● Aim of the task: Give the records again in full, exactly as written.

*** Records for this exercise ***

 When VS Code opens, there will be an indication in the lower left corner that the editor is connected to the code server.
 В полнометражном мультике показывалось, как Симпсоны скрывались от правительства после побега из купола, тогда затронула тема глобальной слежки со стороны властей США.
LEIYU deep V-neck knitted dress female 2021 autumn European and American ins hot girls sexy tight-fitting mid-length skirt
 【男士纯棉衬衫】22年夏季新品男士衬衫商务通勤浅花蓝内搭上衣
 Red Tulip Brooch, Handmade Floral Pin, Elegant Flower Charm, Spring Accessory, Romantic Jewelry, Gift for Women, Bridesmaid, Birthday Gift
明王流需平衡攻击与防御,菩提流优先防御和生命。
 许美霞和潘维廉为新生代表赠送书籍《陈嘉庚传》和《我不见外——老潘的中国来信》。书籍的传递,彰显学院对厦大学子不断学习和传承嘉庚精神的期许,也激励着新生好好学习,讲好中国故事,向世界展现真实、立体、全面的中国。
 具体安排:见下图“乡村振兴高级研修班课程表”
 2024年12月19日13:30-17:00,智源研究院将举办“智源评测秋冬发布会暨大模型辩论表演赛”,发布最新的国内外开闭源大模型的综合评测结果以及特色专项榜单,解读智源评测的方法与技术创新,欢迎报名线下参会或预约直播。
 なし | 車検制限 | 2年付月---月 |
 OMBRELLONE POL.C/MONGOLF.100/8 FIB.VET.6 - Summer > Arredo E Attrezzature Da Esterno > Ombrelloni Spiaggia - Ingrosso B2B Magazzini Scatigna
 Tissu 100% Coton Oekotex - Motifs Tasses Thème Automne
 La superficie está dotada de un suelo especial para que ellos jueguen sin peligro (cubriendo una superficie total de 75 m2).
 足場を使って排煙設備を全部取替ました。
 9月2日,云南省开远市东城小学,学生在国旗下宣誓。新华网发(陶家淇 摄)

***

● Answer box:
 When VS Code opens, there will be an indication in the lower left corner that the editor is connected to the code server.
 В полнометражном мультике показывалось, как Симпсоны скрывались от правительства после побега из купола, тогда затронула тема глобальной слежки со стороны властей США.
LEIYU deep V-neck knitted dress female 2021 autumn European and American ins hot girls sexy tight-fitting mid-length skirt
 【男士纯棉衬衫】22年夏季新品男士衬衫商务通勤浅花蓝内搭上衣
 Red Tulip Brooch, Handmade Floral Pin, Elegant Flower Charm, Spring Accessory, Romantic Jewelry, Gift for Women, Bridesmaid, Birthday Gift
明王流需平衡攻击与防御,菩提流优先防御和生命。
 许美霞和潘维廉为新生代表赠送书籍《陈嘉庚传》和《我不见外——老潘的中国来信》。书籍的传递,彰显学院对厦大学子不断学习和传承嘉庚精神的期许,也激励着新生好好学习,讲好中国故事,向世界展现真实、立体、全面的中国。
 具体安排:见下图“乡村振兴高级研修班课程表”
 2024年12月19日13:30-17:00,智源研究院将举办“智源评测秋冬发布会暨大模型辩论表演赛”,发布最新的国内外开闭源大模型的综合评测结果以及特色专项榜单,解读智源评测的方法与技术创新,欢迎报名线下参会或预约直播。
 なし | 車検制限 | 2年付月---月 |
 OMBRELLONE POL.C/MONGOLF.100/8 FIB.VET.6 - Summer > Arredo E Attrezzature Da Esterno > Ombrelloni Spiaggia - Ingrosso B2B Magazzini Scatigna
 Tissu 100% Coton Oekotex - Motifs Tasses Thème Automne
 La superficie está dotada de un suelo especial para que ellos jueguen sin peligro (cubriendo una superficie total de 75 m2).
 足場を使って排煙設備を全部取替ました。
 9月2日,云南省开远市东城小学,学生在国旗下宣誓。新华网发(陶家淇 摄)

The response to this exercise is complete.